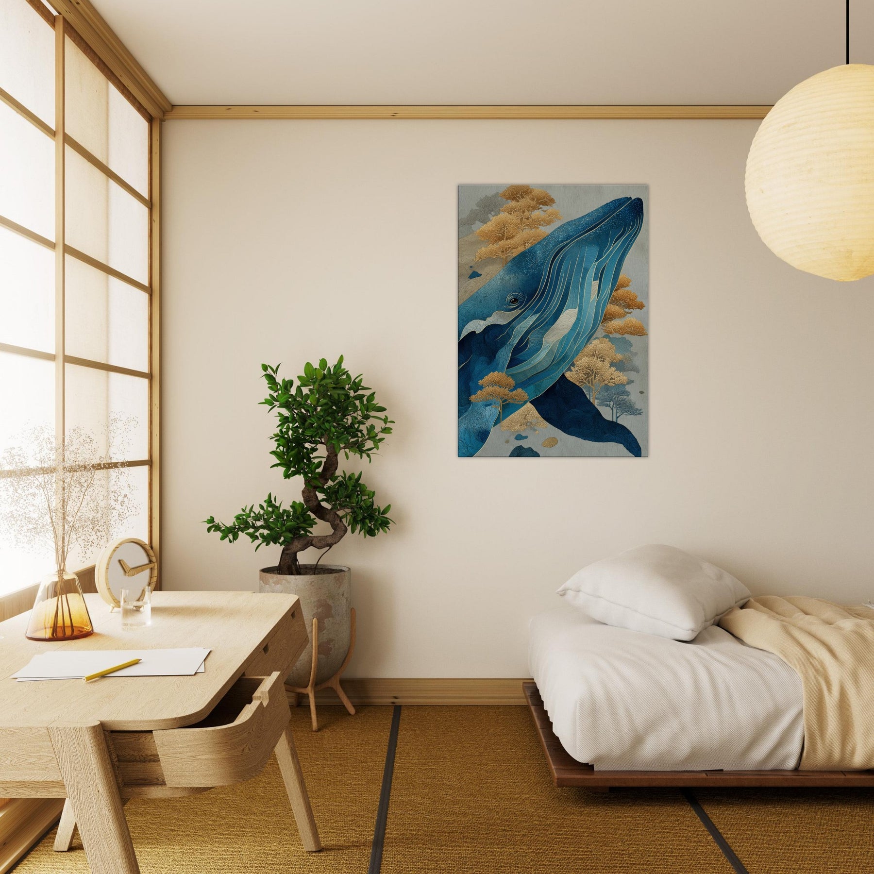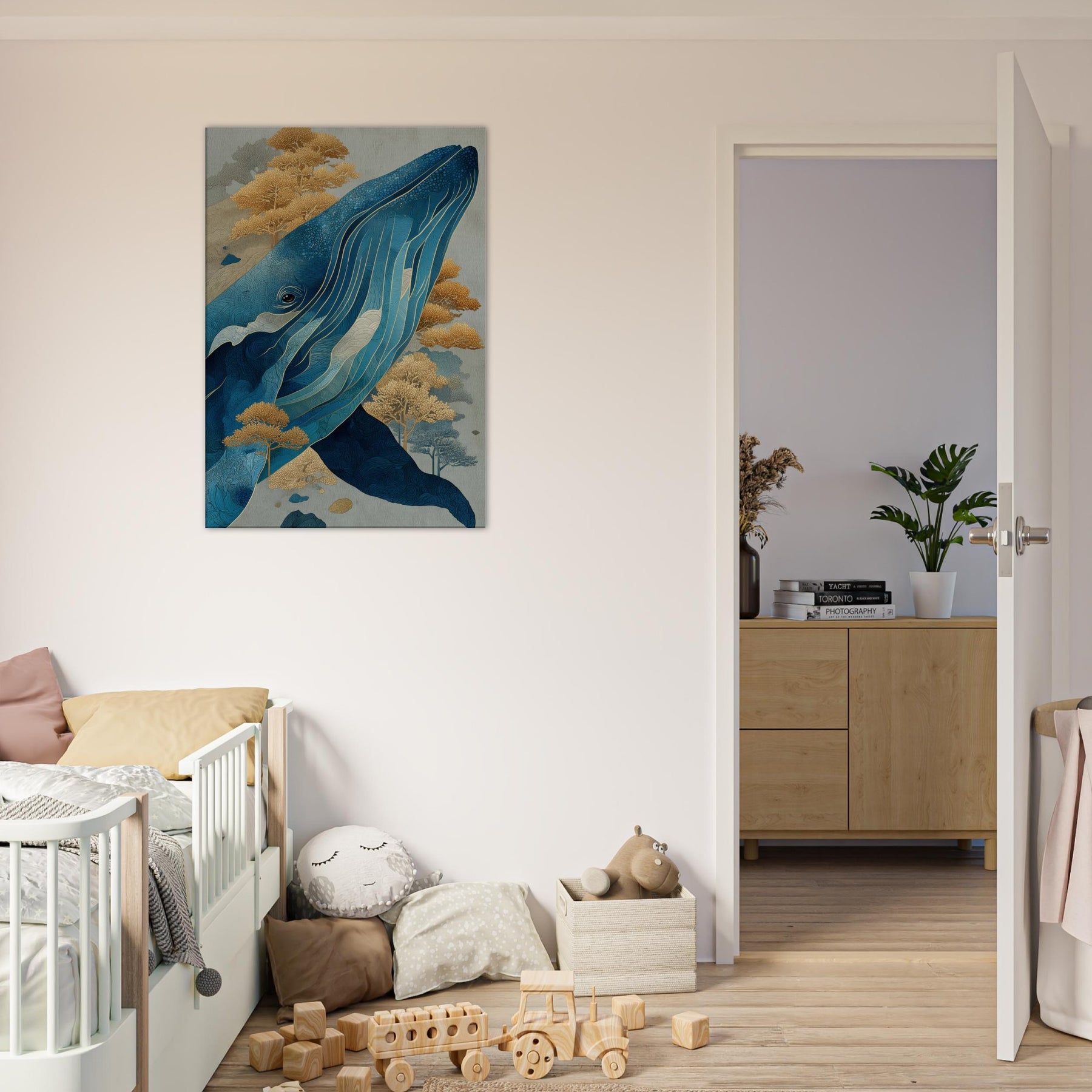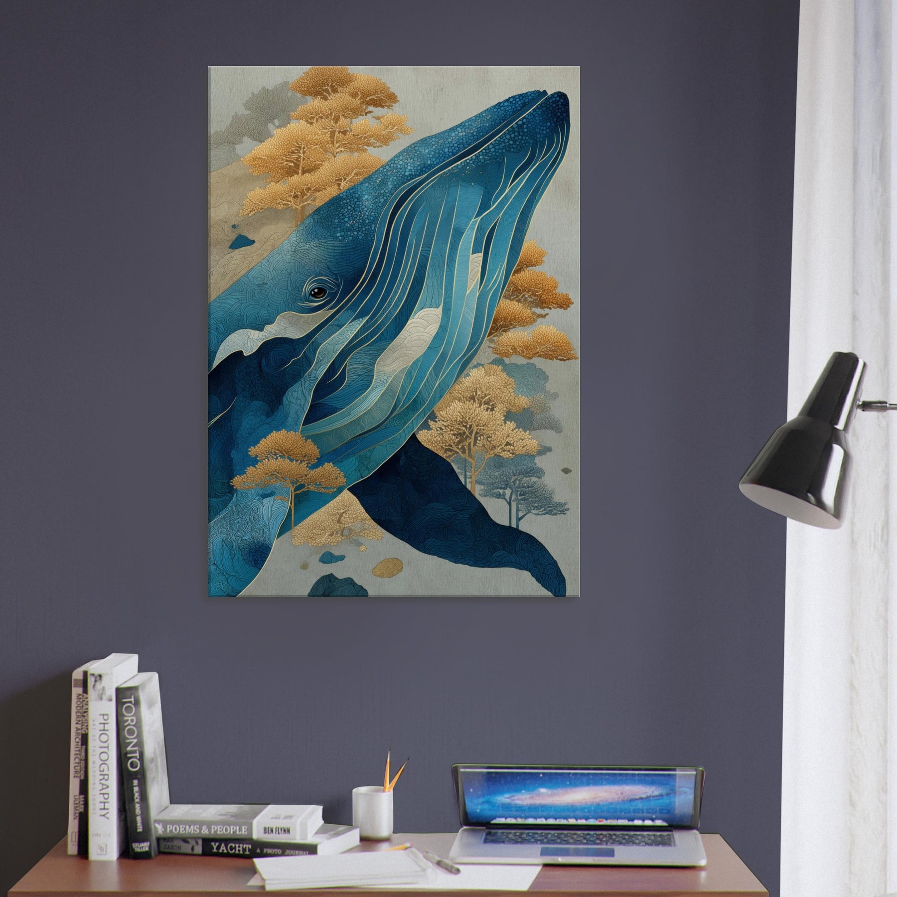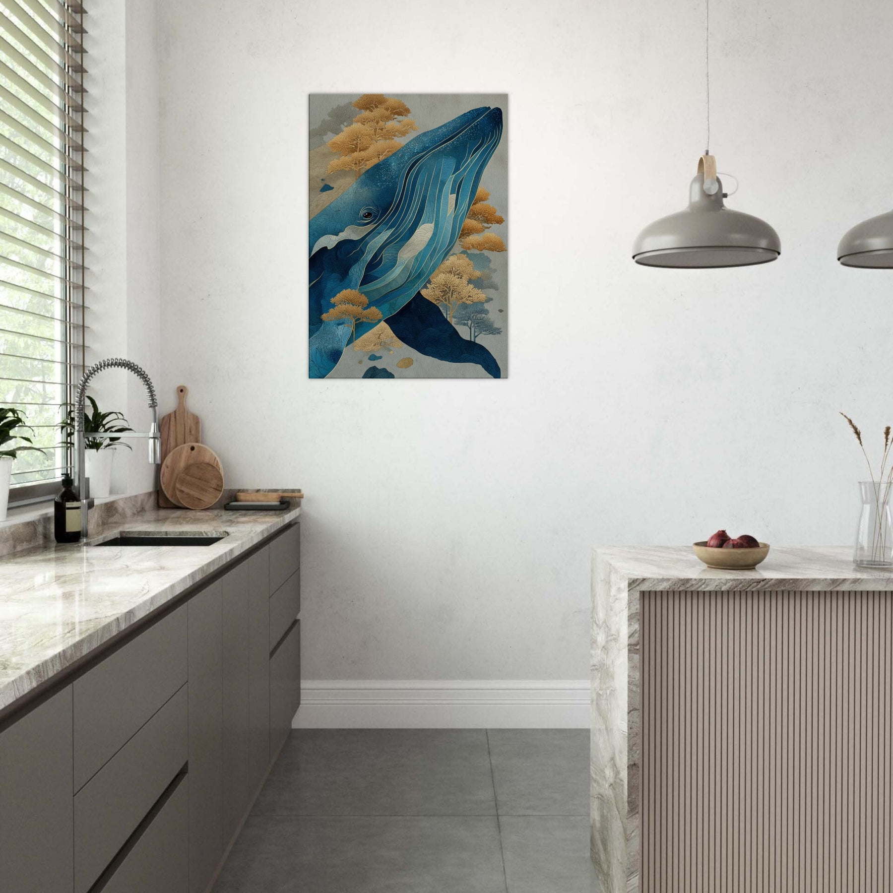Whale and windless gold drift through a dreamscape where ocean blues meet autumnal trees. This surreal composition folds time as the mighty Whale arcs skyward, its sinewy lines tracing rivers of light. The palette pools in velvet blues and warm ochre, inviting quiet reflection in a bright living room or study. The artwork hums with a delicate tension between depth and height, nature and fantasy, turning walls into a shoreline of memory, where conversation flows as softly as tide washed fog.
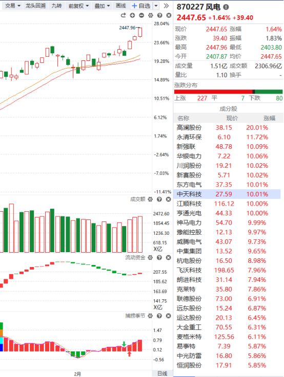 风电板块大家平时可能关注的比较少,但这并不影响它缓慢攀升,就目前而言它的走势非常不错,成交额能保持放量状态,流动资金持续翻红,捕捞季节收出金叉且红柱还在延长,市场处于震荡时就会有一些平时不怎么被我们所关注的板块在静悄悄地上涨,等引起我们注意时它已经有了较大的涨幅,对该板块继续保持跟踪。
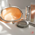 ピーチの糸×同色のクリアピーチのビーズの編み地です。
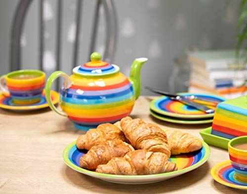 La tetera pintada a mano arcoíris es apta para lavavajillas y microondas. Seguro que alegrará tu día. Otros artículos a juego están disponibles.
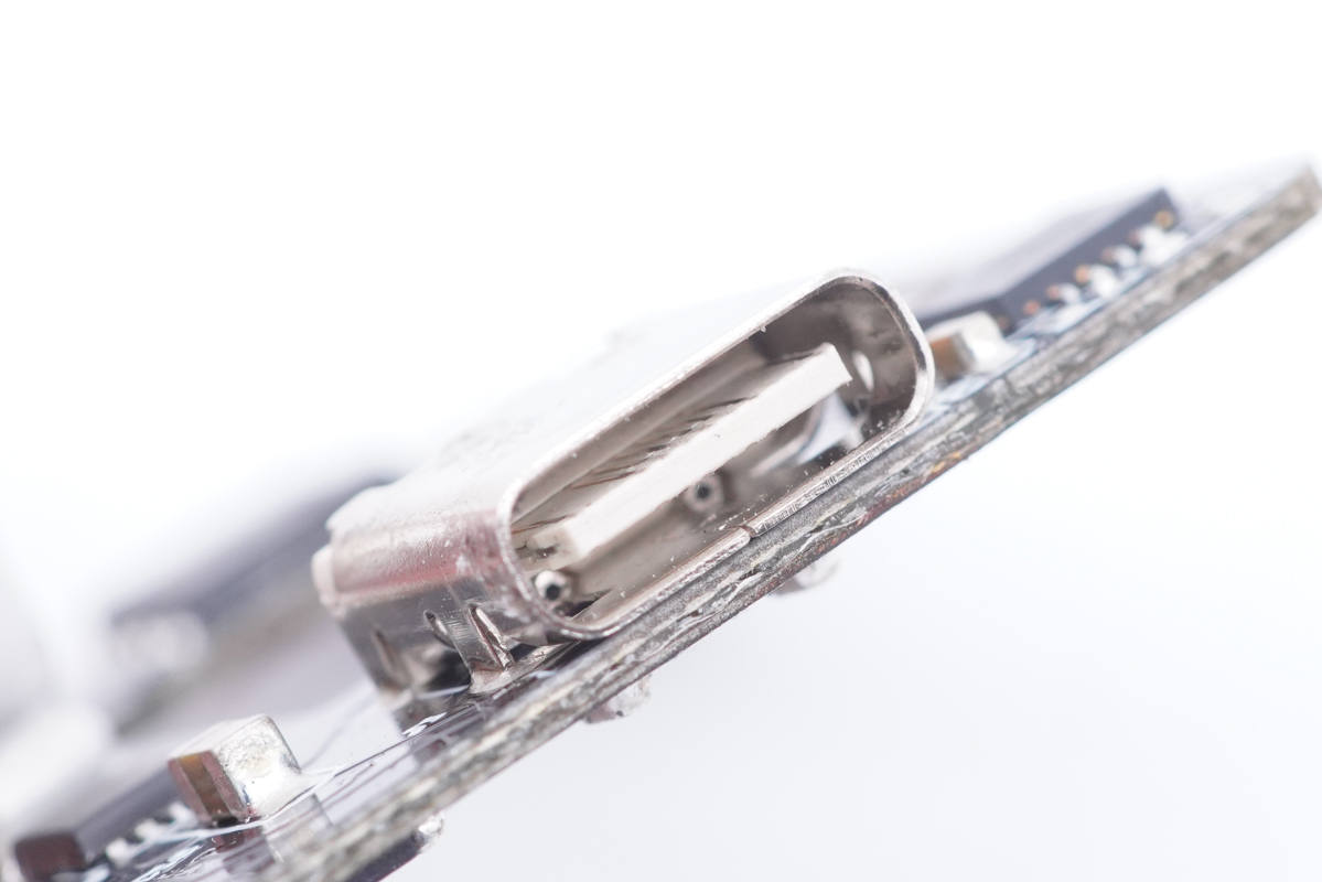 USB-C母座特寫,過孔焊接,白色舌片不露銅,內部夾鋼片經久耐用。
────────────────────────────────────────
▶ TASK DESCRIPTION: From the line containing "ピーチの糸×同色のクリアピーチのビーズの編み地です。" to the end of the listing, restate each line word for word and nothing more; the pictures stay out.

▶ OUTPUT OF THE TASK:
 ピーチの糸×同色のクリアピーチのビーズの編み地です。
 La tetera pintada a mano arcoíris es apta para lavavajillas y microondas. Seguro que alegrará tu día. Otros artículos a juego están disponibles.
 USB-C母座特寫,過孔焊接,白色舌片不露銅,內部夾鋼片經久耐用。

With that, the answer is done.